GPR22 Das Double-Nickase-Plasmid (h) besteht aus einem aufeinander abgestimmten Plasmidpaar, das für die hochspezifische Bearbeitung des GPR22-Lokus in human-Zelllinien entwickelt wurde. Jedes Plasmid exprimiert eine Cas9-D10A-Nickase und eine spezifische sgRNA, die auf entgegengesetzte DNA-Stränge innerhalb von GPR22 abzielt. Wenn sie auf benachbarte Stellen auf entgegengesetzten DNA-Strängen gerichtet sind, erzeugen die beiden Nickasen versetzte Einzelstrang-Schnitte, die zusammen einen versetzten Doppelstrangbruch erzeugen, was eine koordinierte On-Target-Aktivität beider Guides erfordert. Der resultierende DNA-Bruch wird durch endogene zelluläre Reparaturwege behoben, meist durch nicht-homologe Endverknüpfung (NHEJ), was zu Insertionen oder Deletionen führt, die die GPR22-Funktion stören.

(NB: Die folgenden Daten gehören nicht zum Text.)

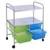 Our 4 drawer rolling storage cart includes 4 big drawers and 2 shelves which provide enough storage space. This 4 drawers rolling cart is durable and serve you for a long time. Four universal wheels will help you move it easily.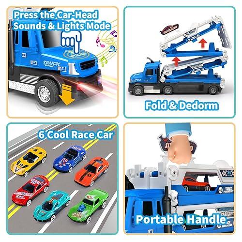 - Foldable Track Design: The Hauler truck toys with foldable track design, allow kids to design their own thrilling racing environment. With the foldable design, this car carrier truck is ready to race, wherever you go.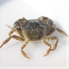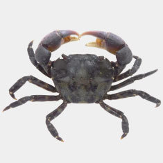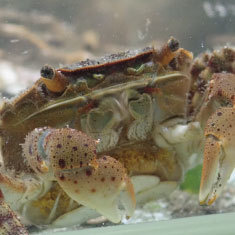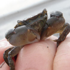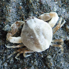 海辺の岩場でよく見かけるカニです。迷彩柄のような独特なまだら模様があるので、他のカニと見分けるのが簡単です。またオスにだけハサミの付け根にぷにぷにとした袋が付いています。挟む力が強いので触る時は注意が必要です。三番瀬では護岸下の岩場やテトラポットのすき間によく隠れています。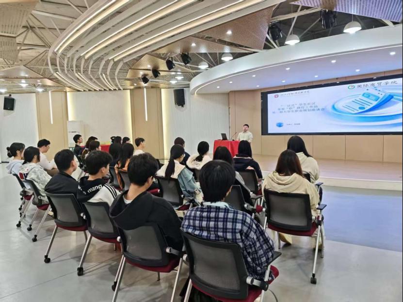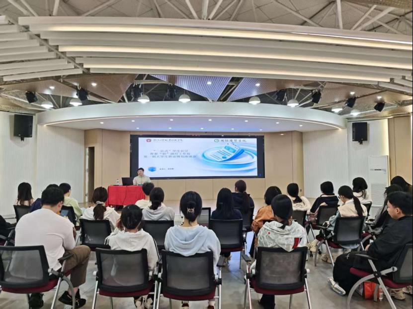 活动伊始,郑浩男老师以“职业规划是什么?”“何时启动职业规划?”“如何制定科学规划?”三个核心问题破题,结合自身职业经历与行业观察,生动诠释了“探索自我、锚定兴趣、持续精进、动态调整”的职业规划核心逻辑,让同学们深刻认识到职业规划并非静态方案,而是贯穿大学全程的动态探索与修正过程。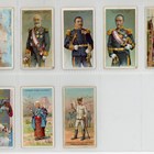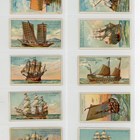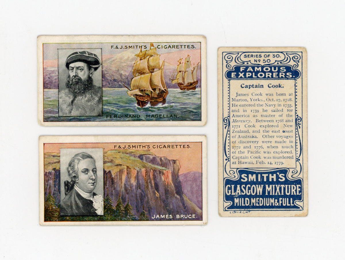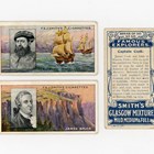 An album of cigarette cards including a set of 50 Smith’s ‘Famous Explorers’, 18 Lambert & Butler ‘Japanese Series’, 40 American Tobacco Co (ATC) ‘Old Ships’, a set of 25 Salmon & Gluckstein ‘Coronation Series 1911’, a set of 100 Gallaher ‘Woodland Tree Series’, and 86 Anonymous medium-size ‘British Naval Crests’.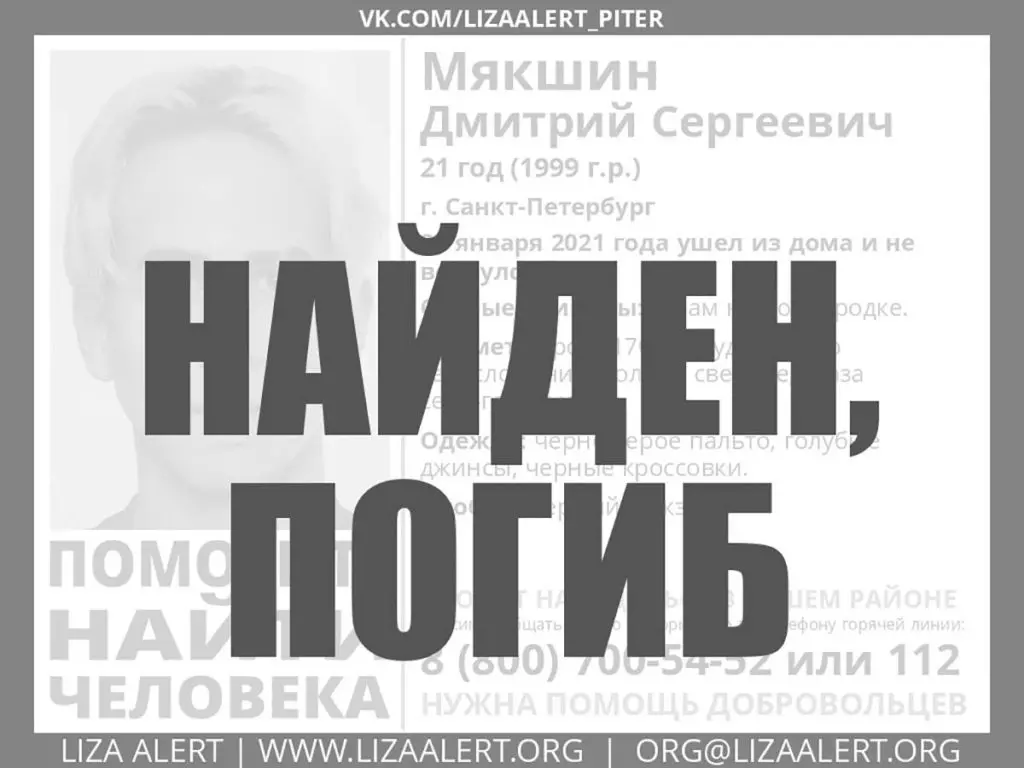 В конце января Мякшин пропал. С 28 января Дмитрия Мякшина искал его отец Сергей Мякшин и волонтеры поискового отряда «ЛизаАлерт». Через три недели его нашли в морге города Токсово Ленинградской области. Местное бюро судебно-медицинской экспертизы пришло к выводу, что смерть Дмитрия наступила в результате отравления неустановленным веществом.

Durch die Notwendigkeit einer doppelten sgRNA-Bindung am Zielort erhöht der Doppel-Nick-Ansatz die Spezifität der Bearbeitung und bietet eine komplementäre CRISPR-Strategie für Anwendungen, bei denen eine zusätzliche Kontrolle über die Zielgenauigkeit gewünscht ist.
Um eine effiziente Identifizierung editierter Zellen zu unterstützen, kodiert ein Plasmid GFP zur fluoreszierenden Visualisierung transfizierter Populationen, während das Begleitplasmid ein Puromycin-Resistenzgen für die Antibiotika-Selektion trägt. Zusammen unterstützen diese Merkmale eine effiziente Anreicherung co-transfizierter Populationen und vereinfachen die Validierung von Klonen mit GPR22-Störung.
Nur für Forschungszwecke. Nicht für diagnostische oder therapeutische Zwecke bestimmt.